Alicia was descending the stairs behind her niece and nephew, and missed the look of horror that crossed Trixie’s face at the prospect of spending a whole week of afternoons knitting. Helen did see it, and wasn’t sure if she wanted to cheer Trixie on or to chide her. It won’t hurt Trixie to learn to knit, she told herself. It’ll be a good chance for her to get to know her aunt, and it’s only for a week.

As the three adults, Trixie, and Bobby sat down to the steaming, fluffy scrambled eggs, buttered toast, and crisp, fragrant bacon, Helen smiled on the cherubic faces of her two youngest children. She dished out a mound of eggs to each one, and Trixie served her brother with bacon, toast, and juice. Alicia began eating, daintily as always. Helen also began to eat, while keeping an eye out for her older sons, who would be back from their chores any minute. She had ensured that plenty of food was saved for them, and their dishes were keeping warm in the oven, covered to keep them from drying out. Peter Belden held the morning newspaper in front of his face while he sipped his coffee and took forkfuls of egg, in between bites of toast and bacon. When everything finished up evenly, he wiped his lips and pushed his chair away from the table.
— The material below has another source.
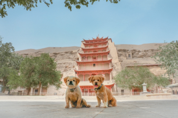 渐渐地,乐乐在游客中出名了。很多游客来莫高窟除了参观洞窟,还要特意找乐乐拍照合影,给它送衣服、送食物,即便离开莫高窟后还经常挂念它,给它寄礼物,打电话问候它。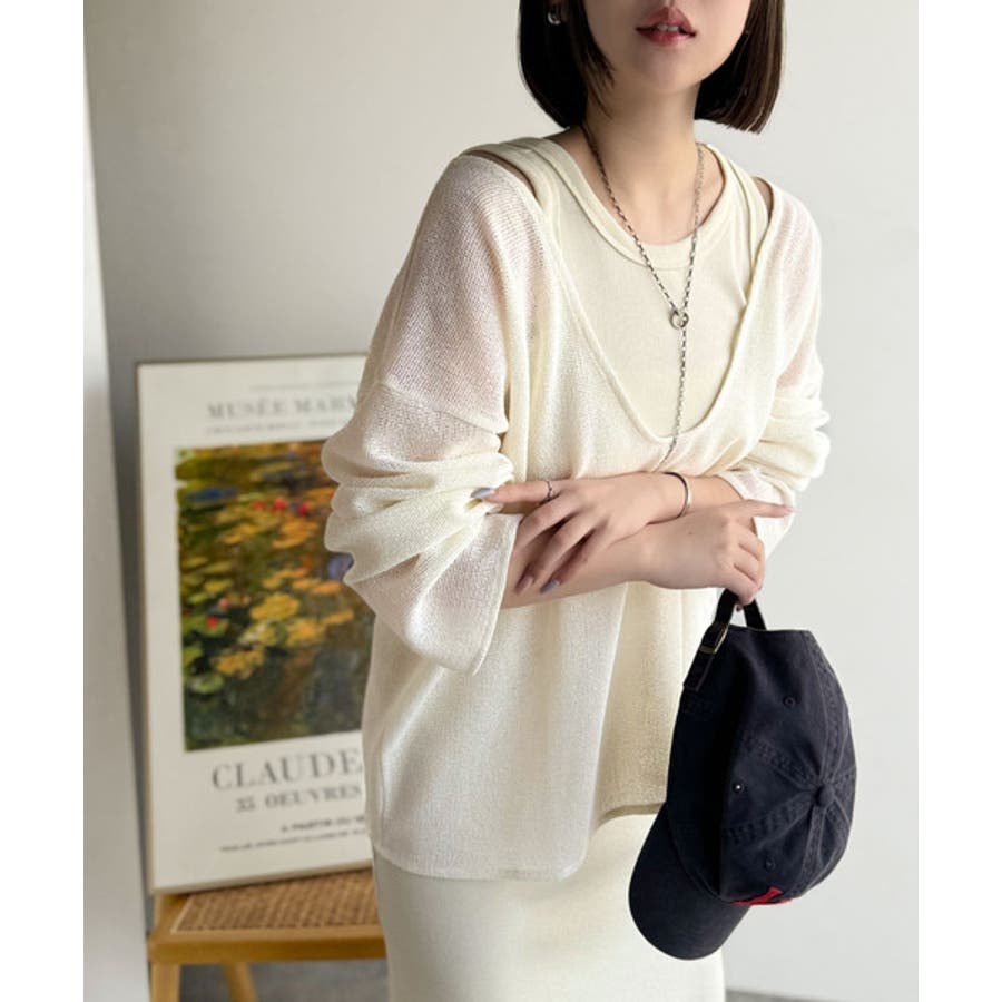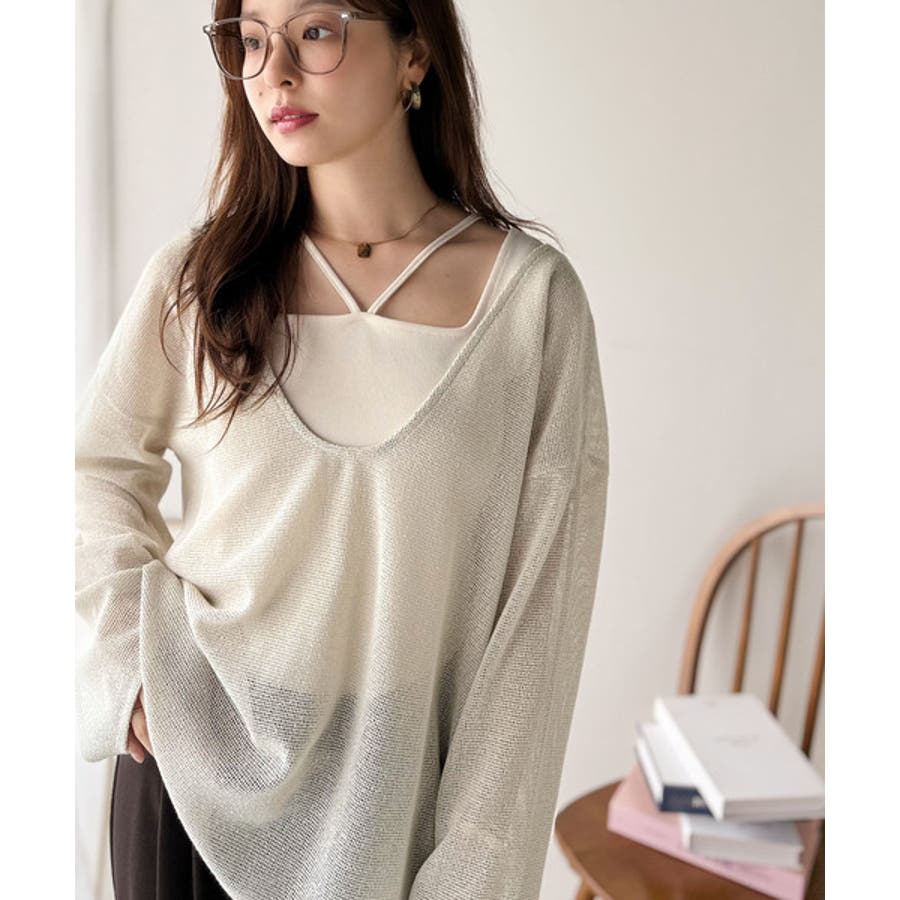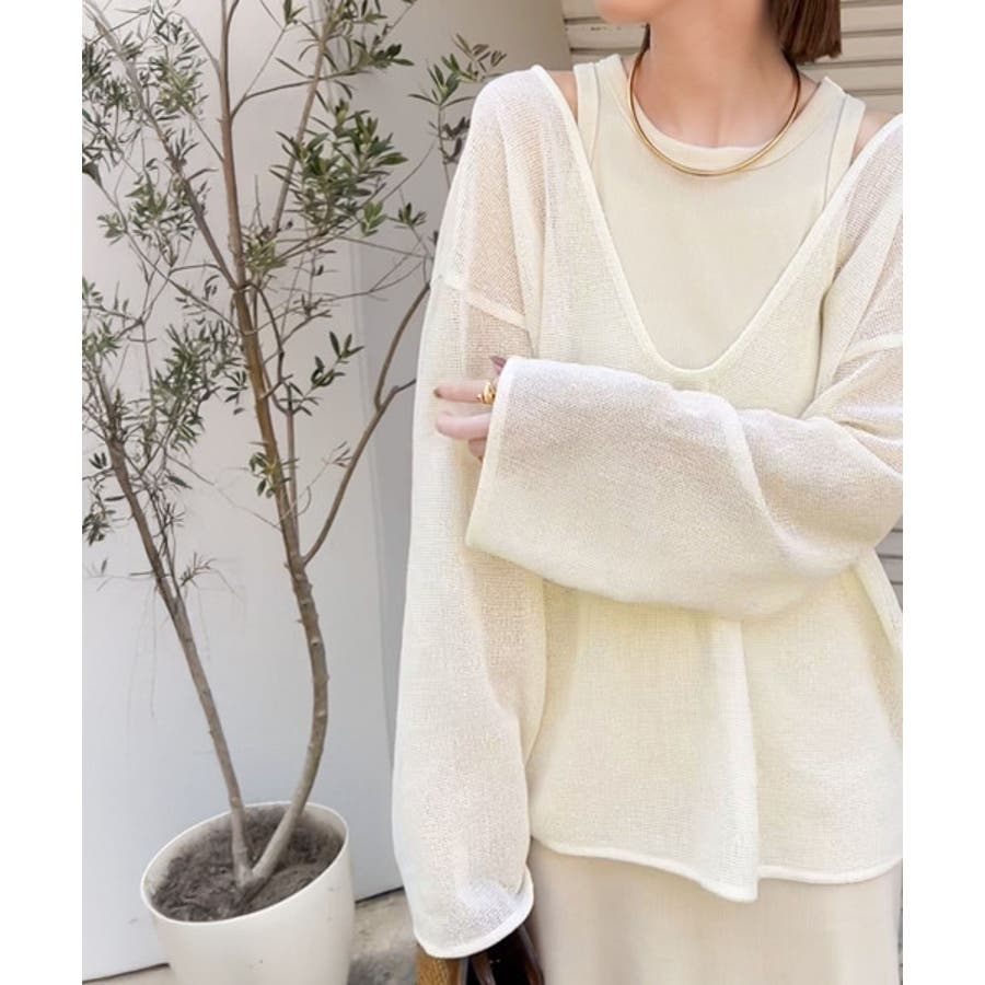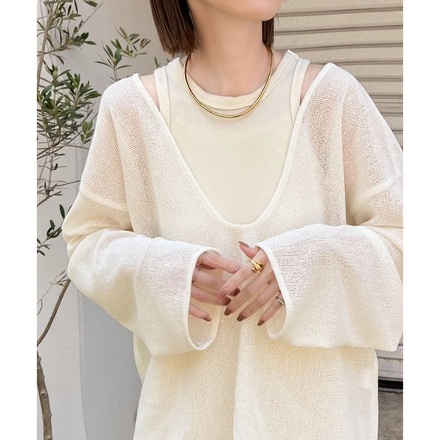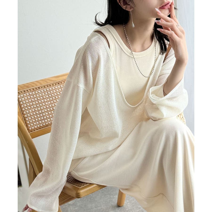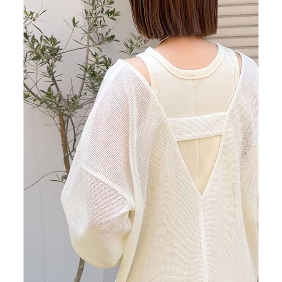 タンクトップやキャミソールと合わせたレイヤードスタイルで、

“I’ll be going now,” he said, bending down to kiss his petite wife. “Is there anything you need me to pick up from the store today?”

“No, I’m in good shape today. We’ll have a simple supper, since I’ll be doing laundry most of the day, and I’ll hoe the garden to break up the clods later. Bye, now.”

Trixie jumped up and ran over to give her father a kiss, and Bobby was right behind her. Unfortunately, Bobby’s hands had been busy with his bacon and toast, and he put a greasy handprint on his father’s wool trousers.

“Bobby!” Helen reproved him. Grabbing a clean dishcloth, she wiped his hands and face.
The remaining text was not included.